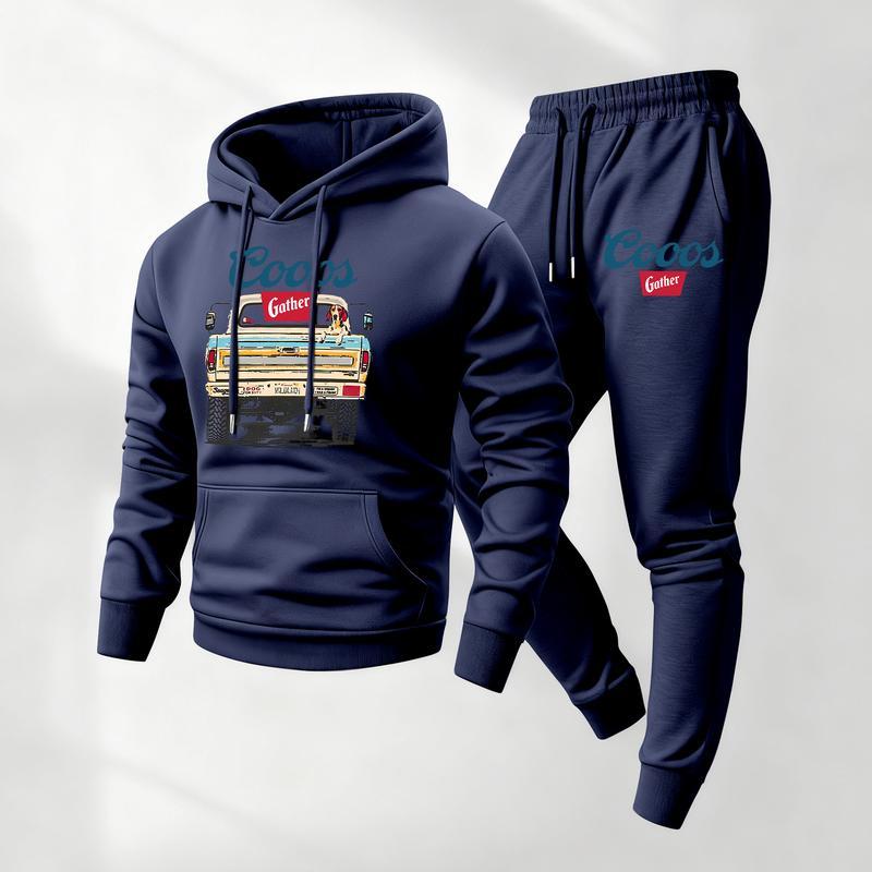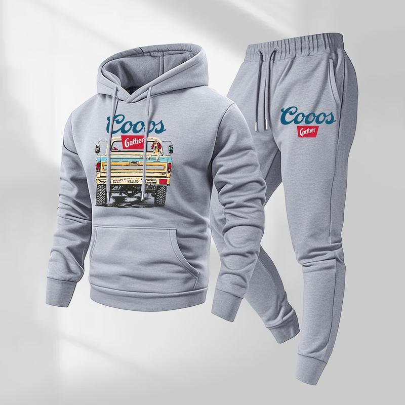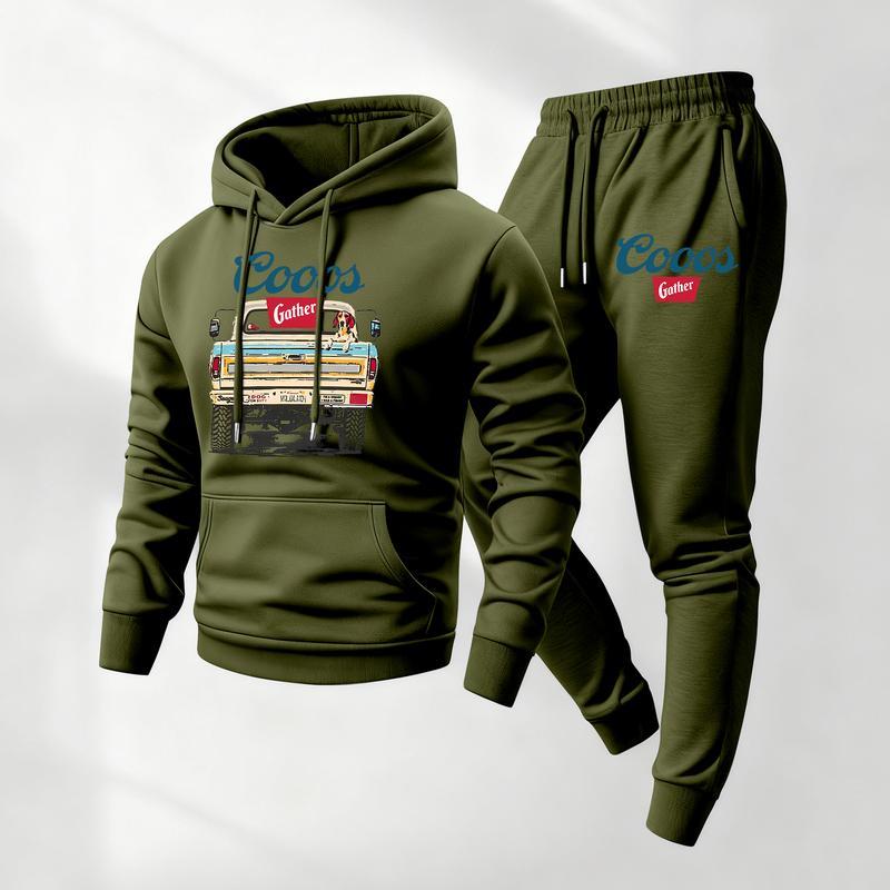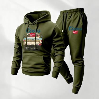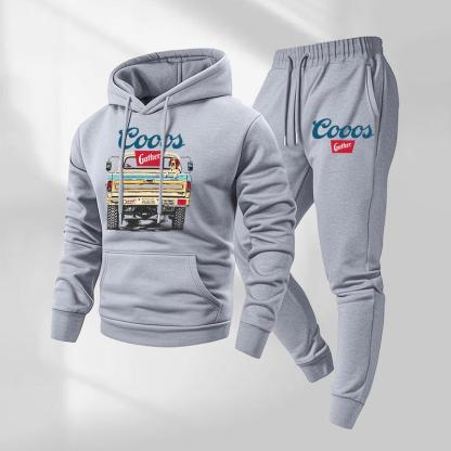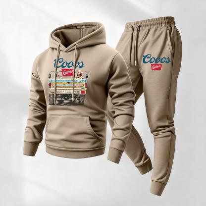 Mens Retro Print Hoodie & Sweatpants Set – Classic Western Style, Cozy Men’s Tracksuit for Beer Fans
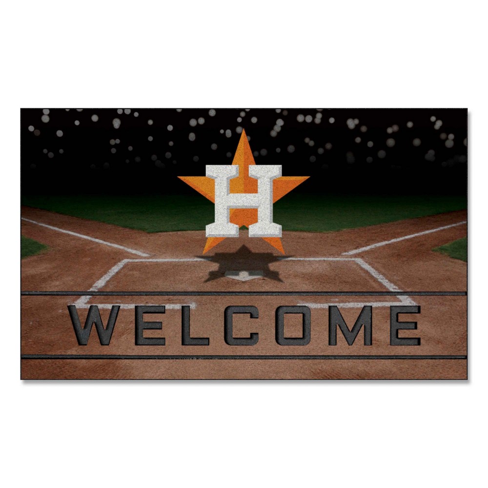 | Houston Astros Rubber Door Mat - 18in. x 30in. Heavy Duty rubber construction is durable for all weather True team colors Easily cleaned with broom or hose Non-skid rubber backing 3D Molded welcome stripe Flocked fiber surface MLB - Houston Astros in Texas MLB Major League Baseball |
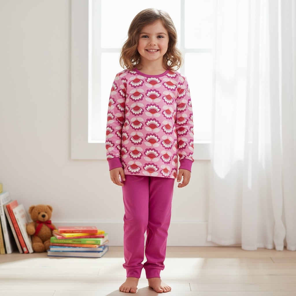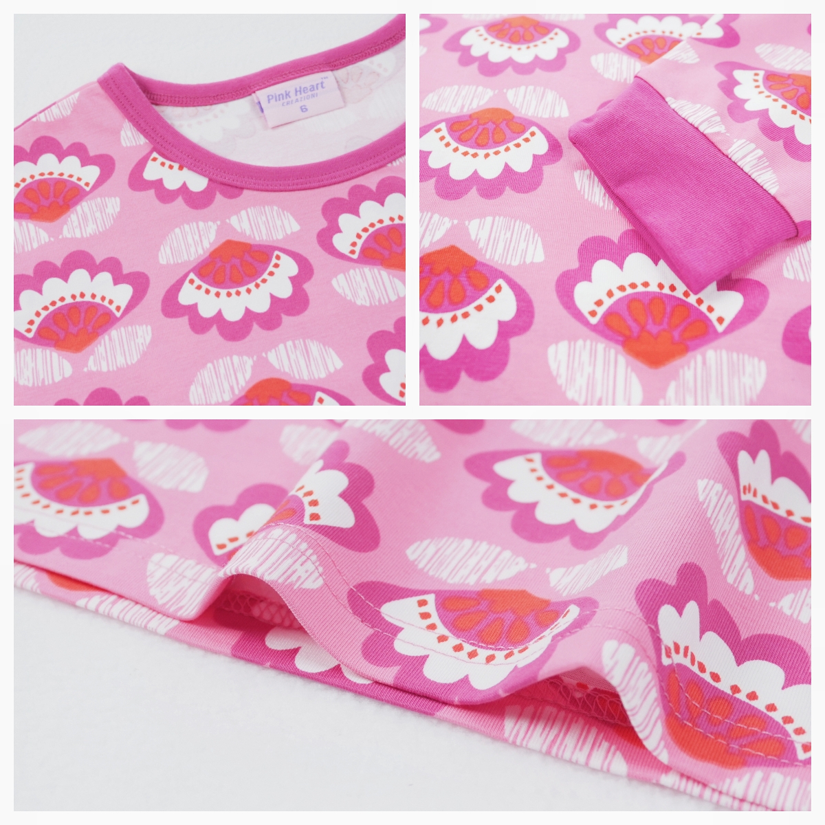 [Pink Heart] Kids/Pre-teens Girl Pyjamas Set – Flowers

### Your task
Your copy should hold exactly and only the lines from the one containing "League Baseball |" through the end of the material, inclusive, repeated word for word and without pictures.

### Your response
 | Houston Astros Rubber Door Mat - 18in. x 30in. Heavy Duty rubber construction is durable for all weather True team colors Easily cleaned with broom or hose Non-skid rubber backing 3D Molded welcome stripe Flocked fiber surface MLB - Houston Astros in Texas MLB Major League Baseball |
 [Pink Heart] Kids/Pre-teens Girl Pyjamas Set – Flowers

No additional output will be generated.